The CPU model has a method to inspect time: lm32_get_current_time(). On the first loop, all model are stepped, and their time inspected. On the next iteration, the CPU with the earliest time is the one to be run, and any others that have this same earliest time. Any with a time in advance of this are not run. This continues on all subsequent iterations, until termination. This ensures that the CPUs are never more than a few cycles adrift, and keeps them in sync, whilst allowing reduction in the number of calls to the models from a pure ticking model. Whether a ticking model is better than a stepping and synchronising one is a matter of circumstances and preference.

Shared Callbacks

 

Any system model using the lm32 model will have to have memory and interrupt callbacks registered in order to model external peripherals etc., as for the Linux case study described earlier. If a multi-processor system is to have completely different functionality implemented in each of the callback methods, then different functions can be registered for each of the instantiated CPUs. However, if the CPUs have shared functionality, such as modelling connection to a shared bus, with shared access to memory and peripherals in a common address space, then something else needs to be done.

 

The model does not return an ID when calling its registered callback functions, and so a method is needed to identify which CPU is making the call, if the callback code is to be shared. The idea here is to have the common code in a separate function, not registered with the models, but with an addition of an ID parameter. Individual 'wrapper' callback functions are registered with each separate CPU which simply calls the common code, with the addition of the ID for the particular processor. It is then up to the common code to keep separate contexts for each processor, where necessary, or access common state. The diagram below illustrates this concept:

 

 

 

Shared Memory Space

 

As mentioned in previous sections, the model can have an internal memory, with controllable size, and memory space offset. This memory is separate for each CPU instantiation. The internal memory can be configured to be all, or partly, removed, and the memory callback functions trap and process memory addresses across all or part of the modelled space.
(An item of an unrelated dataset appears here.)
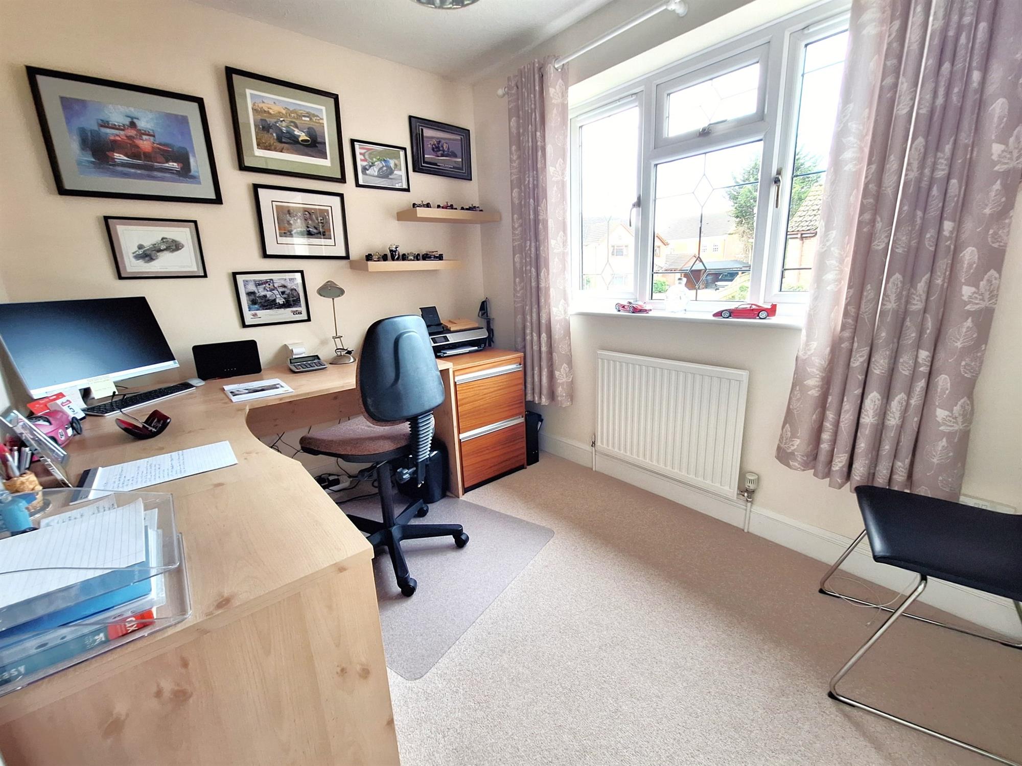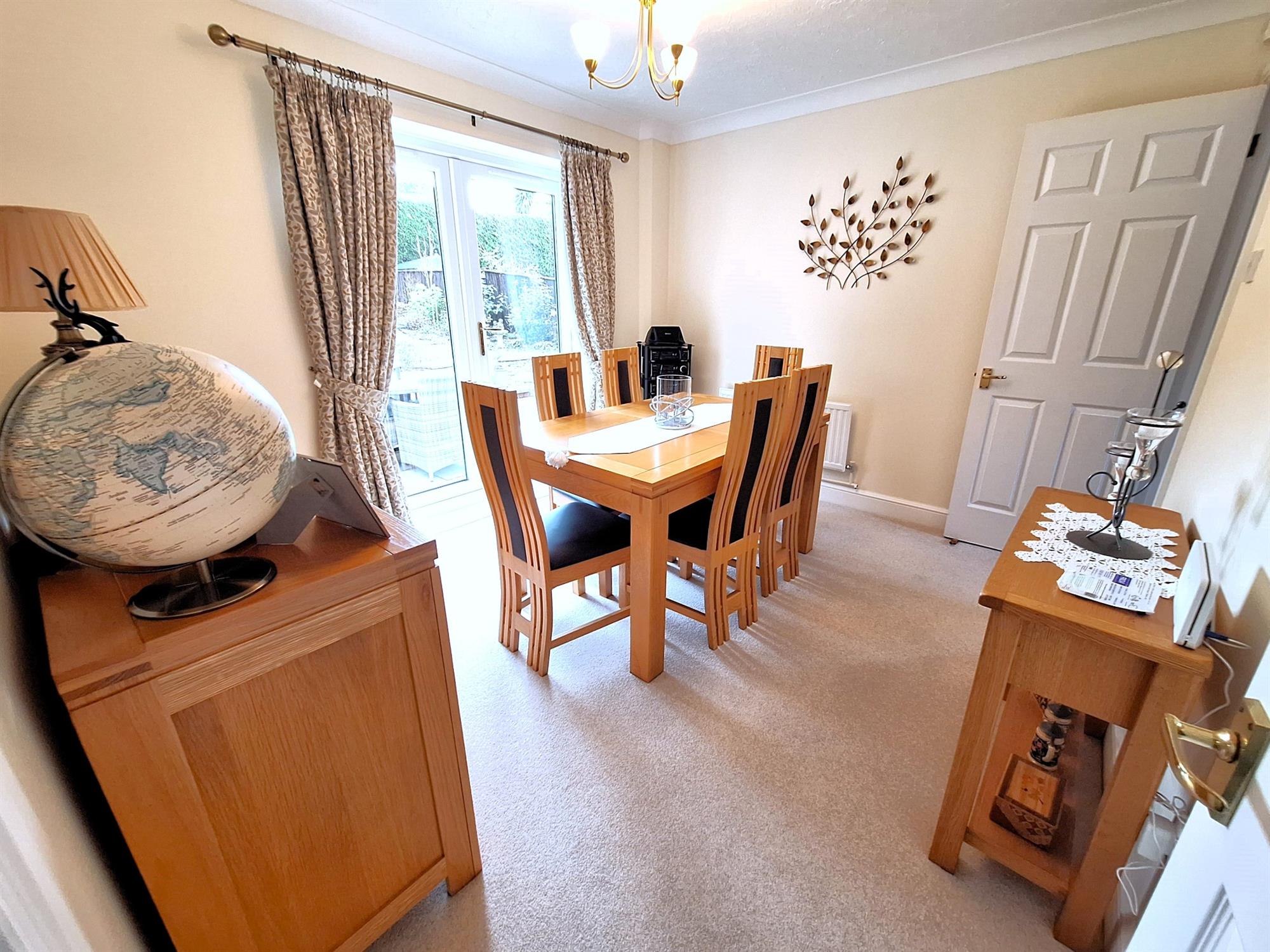 Double-glazed doors opening to and accessing the rear garden. Covered radiator. Carpeted flooring.

To share an address space, whether mapped to memory, or to peripheral registers, the external memory callback functionality processes these addresses, and models the functionality.

 

For shared space, the external model common callback code must access the common state, regardless of the ID passed in. If modelling state unique to each processor, it must switch context based on the ID. One can also envisage state that is common between a subset of processors, but separate to another subset.

 

A similar sharing of interrupt sources can be envisaged for the interrupt callback as well, where some external interrupts raise an interrupt pin on all the CPUs (for a broadcast  mailbox function, say), or be CPU specific (for a private peripheral, for example).

 

In this manner, it is possible to set up any arbitrary system of shared or particular memory and peripheral set between multiple CPU instantiations. Internal RAM can be used for private memory (modelling data and/or instruction TCM, say), with external callbacks mapping shared memory and peripherals to the appropriate CPUs. The CPU's program code can be located either privately in internal memory, or be common to multiple instantiations, as required. Such an example system is illustrated in the diagram below:

 

 

In this example three processors have access to shared memory and peripherals A and B (and any other on this bus). The third processor also has access to peripheral C, but has no internal memory. Thus, access  to shared memory and peripherals A and B are handled by the common callback code, without regard to ID. All memory accesses from the third processor must be handled by the memory callback (as it has no internal memory), and peripheral C is only accessed when receiving an ID for the third processor, otherwise the access is marked as unprocessed. Not shown, but similarly for interrupts, it can be envisaged that one or more of the peripherals on the common bus could interrupt one or more processors as necessary. Peripheral C, however, would only interrupt the bottom processor. So two memory busses, and two interrupt busses are modelled, and can be extended at will.

Downloads


The model is released under version 3 of the GPL, and comes with no warranties whatsoever. A copy of the license is included. The lm32 package is available for download on github. As well as all the source code, make files and MSVC 2010 file, the package contains all the test assembly code, and scripts to run them.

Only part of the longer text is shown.